*** DATA SHOWN Section Begins ***
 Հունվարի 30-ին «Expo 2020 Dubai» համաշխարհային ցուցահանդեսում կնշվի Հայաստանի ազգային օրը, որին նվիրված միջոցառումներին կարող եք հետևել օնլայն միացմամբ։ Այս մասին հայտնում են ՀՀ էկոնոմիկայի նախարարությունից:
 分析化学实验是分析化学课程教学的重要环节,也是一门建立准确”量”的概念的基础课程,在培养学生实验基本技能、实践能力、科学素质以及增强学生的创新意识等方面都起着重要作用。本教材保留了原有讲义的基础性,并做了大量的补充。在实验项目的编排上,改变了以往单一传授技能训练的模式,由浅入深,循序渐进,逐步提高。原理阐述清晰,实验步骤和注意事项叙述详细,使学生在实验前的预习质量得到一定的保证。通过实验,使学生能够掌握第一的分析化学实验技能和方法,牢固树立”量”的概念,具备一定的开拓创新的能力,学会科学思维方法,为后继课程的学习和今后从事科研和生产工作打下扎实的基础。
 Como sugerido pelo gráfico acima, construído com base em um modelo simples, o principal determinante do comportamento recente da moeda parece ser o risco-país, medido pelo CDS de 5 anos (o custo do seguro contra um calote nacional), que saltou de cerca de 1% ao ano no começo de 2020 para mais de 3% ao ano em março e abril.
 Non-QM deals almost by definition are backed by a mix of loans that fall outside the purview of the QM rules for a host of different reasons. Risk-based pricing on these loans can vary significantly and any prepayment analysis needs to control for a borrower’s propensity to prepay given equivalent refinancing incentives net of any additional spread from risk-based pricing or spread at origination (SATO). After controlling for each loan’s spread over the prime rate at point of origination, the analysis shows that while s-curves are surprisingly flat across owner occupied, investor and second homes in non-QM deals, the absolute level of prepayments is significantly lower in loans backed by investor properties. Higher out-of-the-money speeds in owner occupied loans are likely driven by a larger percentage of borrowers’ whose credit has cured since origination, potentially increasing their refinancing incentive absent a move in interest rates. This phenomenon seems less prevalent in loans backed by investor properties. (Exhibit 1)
*** DATA SHOWN Section Ends ***
# [WORK ITEM]
The lines to reproduce run from the one containing "Como sugerido pelo" to the last line of the listing; print them exactly, including both ends.

# [RESULT OF THIS EXERCISE]
 Como sugerido pelo gráfico acima, construído com base em um modelo simples, o principal determinante do comportamento recente da moeda parece ser o risco-país, medido pelo CDS de 5 anos (o custo do seguro contra um calote nacional), que saltou de cerca de 1% ao ano no começo de 2020 para mais de 3% ao ano em março e abril.
 Non-QM deals almost by definition are backed by a mix of loans that fall outside the purview of the QM rules for a host of different reasons. Risk-based pricing on these loans can vary significantly and any prepayment analysis needs to control for a borrower’s propensity to prepay given equivalent refinancing incentives net of any additional spread from risk-based pricing or spread at origination (SATO). After controlling for each loan’s spread over the prime rate at point of origination, the analysis shows that while s-curves are surprisingly flat across owner occupied, investor and second homes in non-QM deals, the absolute level of prepayments is significantly lower in loans backed by investor properties. Higher out-of-the-money speeds in owner occupied loans are likely driven by a larger percentage of borrowers’ whose credit has cured since origination, potentially increasing their refinancing incentive absent a move in interest rates. This phenomenon seems less prevalent in loans backed by investor properties. (Exhibit 1)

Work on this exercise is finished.